28.11.2011, 16:31 Uhr

Inszenierung beherrschen sie schon recht ausreichend. Was fehlt sind Ihre Leistungen.

Mehdorn, Schrempp, Zumwinkel, Claussen- Allein diese vier Namen von "Top"-Managern rufen erschütternde Erinnerungen an Fehlleistungen, Rechtsbeugung und übermäßige Entlohnung ohne Leistung ins Gedächtnis.

Weiter hin sei:
http://www.amazon.de/Nieten-Nadelstreifen-Deutschlands-Manager-Zwielicht/dp/3426771365
empfohlen.

Beim Absahnen sind die Manager da, nur wenns um Verantwortung geht tauchen sie ab.

Kea

28.11.2011, 17:25 Uhr

Gott sei Dank!

danke_dir...

28.11.2011, 18:09 Uhr

Image? Aber hallo... Warum sollen Manager denn nun gefeiert werden, wenn die Arbeitnehmer nicht mal auf ihr Gehalt einen Inflationsausgleich bekommen oder massenweise Zeitarbeitskräfte eingestellt werden?
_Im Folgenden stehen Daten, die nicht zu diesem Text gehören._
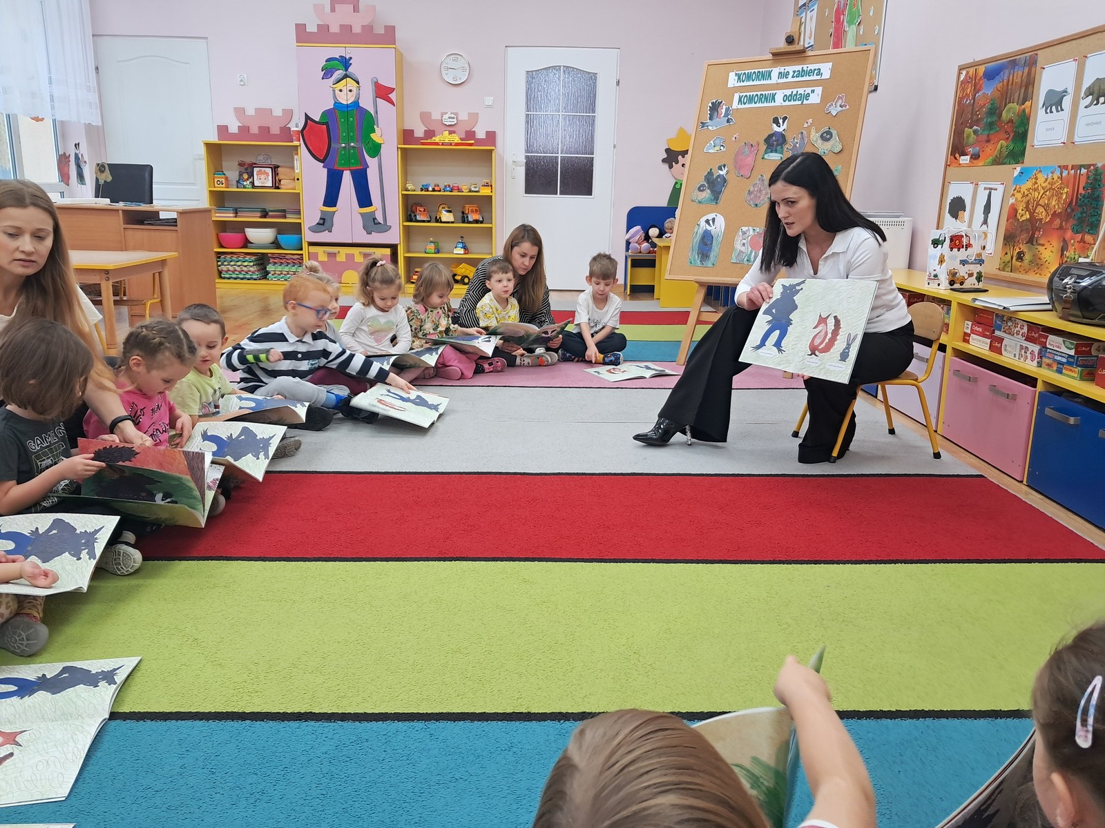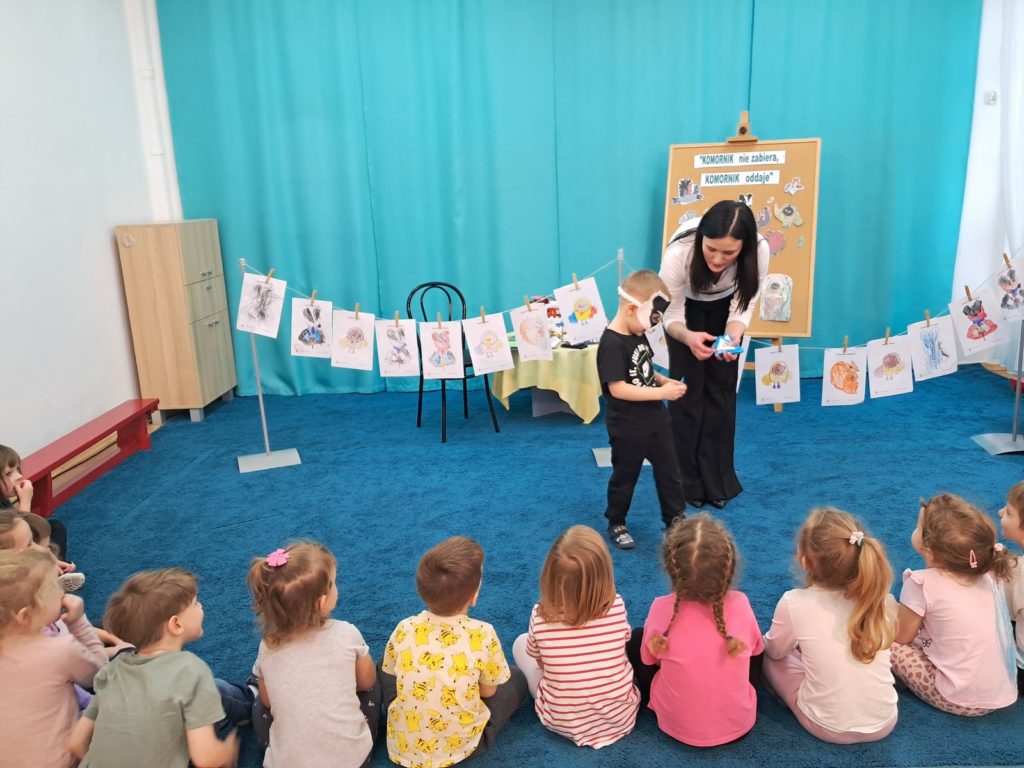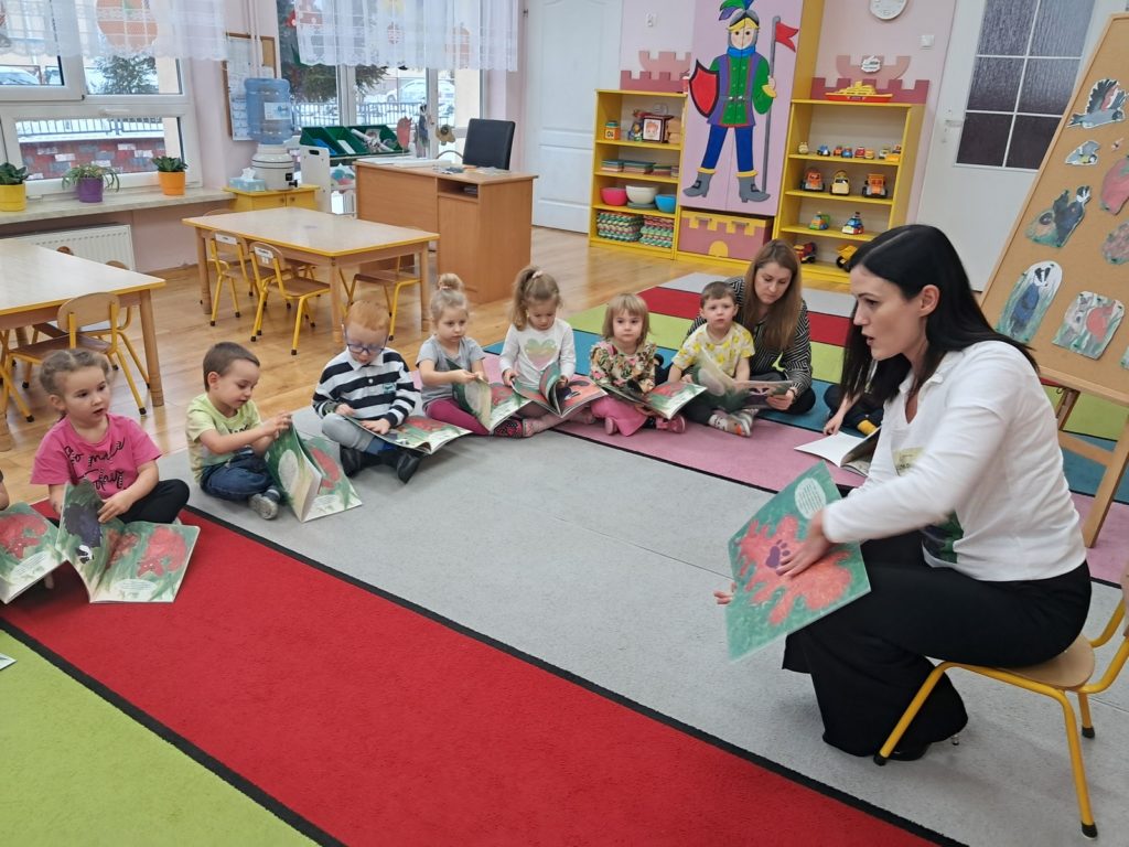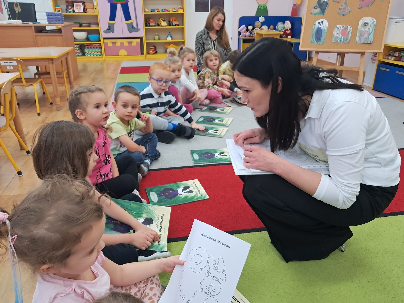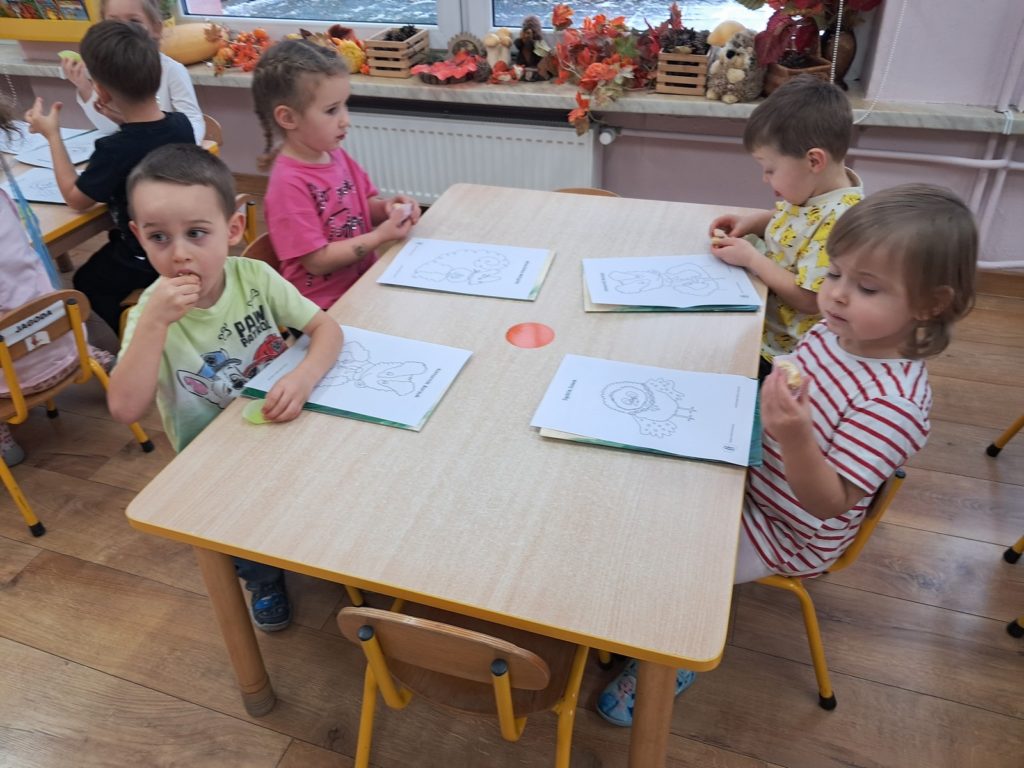 21 listopada 2025r. w naszym przedszkolu odbyło się wyjątkowe spotkanie. Naszym Gościem była Mama Bartusia, która wykonuje zawód komornika sądowego. Pani Kasia podarowała wszystkim dzieciom bajkę pt. ,,Komornik Borsuk i odzyskane orzechy”, a następnie przedstawiła jej treść. W prosty i przystępny sposób wyjaśniła, na czym polega jej praca oraz dlaczego jest ważna. Maluszki zaprosiły miłego Gościa do wspólnej zabawy przy piosence o wiewiórce. Dzieci miały możliwość wyboru kolorowanki z postacią z bajki, którą potem kolorowały. Mama Bartusia poczęstowała Maluszki pysznymi orzeszkami i cukierkami. Spotkanie przebiegło w miłej, serdecznej atmosferze, a dzieci z zainteresowaniem słuchały i aktywnie uczestniczyły w rozmowie i zabawie. Na zakończenie przedszkolaki podziękowały miłemu Gościowi za wizytę, zaśpiewały piosenkę i wręczyły kwiaty. Dzięki takim wizytom nasze przedszkolaki mają okazję poznawać różne zawody oraz uczą się szacunku do różnych profesji.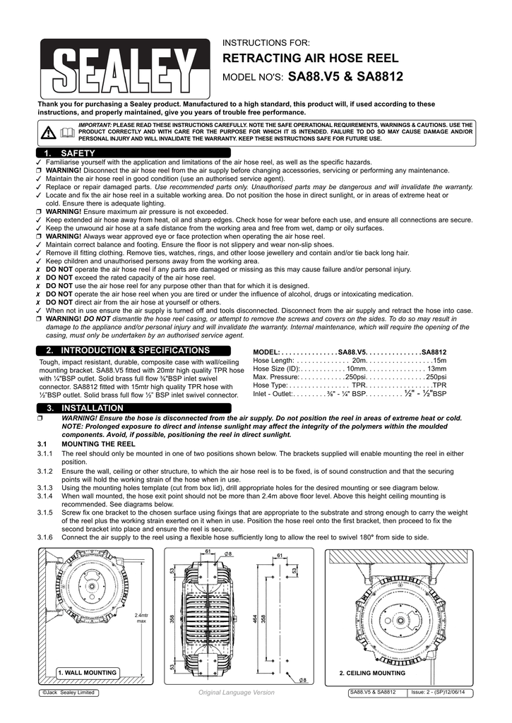 Sa88 V5 Amp Sa8812 Retracting Air Hose Reel Model No S Manualzz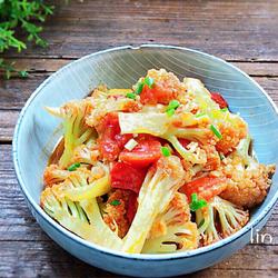 Put the tomatoes into the pot in advance and stir-fry them Tomato juice, use tomato juice to cook cauliflower, the tomato juice blends into the cauliflower, and the cauliflower tastes even more delicious!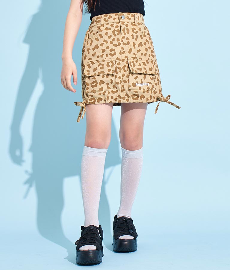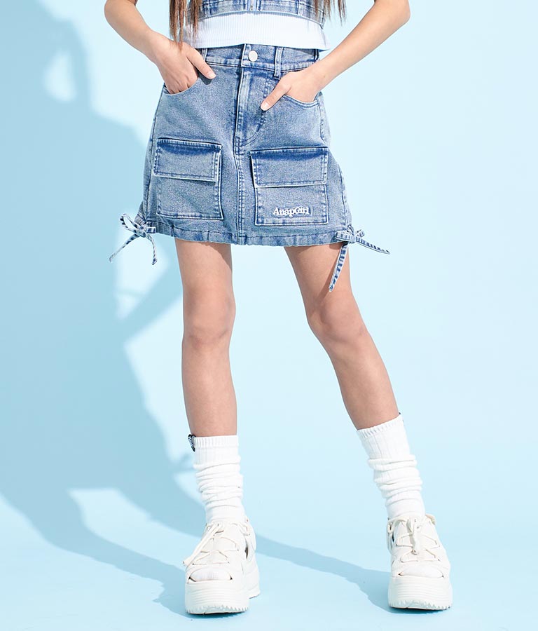 今っぽいカーゴデザインにサイドのリボンで可愛らしさをプラスしたミニスカート♪

Selber wirtschaften sie in die eigene Tasche und erzählen den Arbeitnehmern etwas von Konsolidierung und "nötige Schritte". Wer glaubhaft sein will, der muss mit gutem Beispiel voran gehen, ein Unternehmen ehrlich und über Jahre führen. So haben das i.d.R. auch die Familienunternehmer seit Jahrzehnten gemacht. Aber wie will denn ein Manager glaubhaft diese Werte rüber bringen, wenn er doch selbst nur noch eine Halbwertszeit von ein paar Monaten oder Jährchen hat und in der Zeit sich die Taschen mit mehr Geld vollstopft, als ein Mitarbeiter jemals im Leben verdienen wird. Wo ist da die Relation? Wo ist da die Bescheidenheit? Wo ist da das gute Benehmen? Wäre ja noch schöner, wenn die Manager für dieses Verhalten auch noch mit einem guten Image in der Öffentlichkeit belohnt werden würden.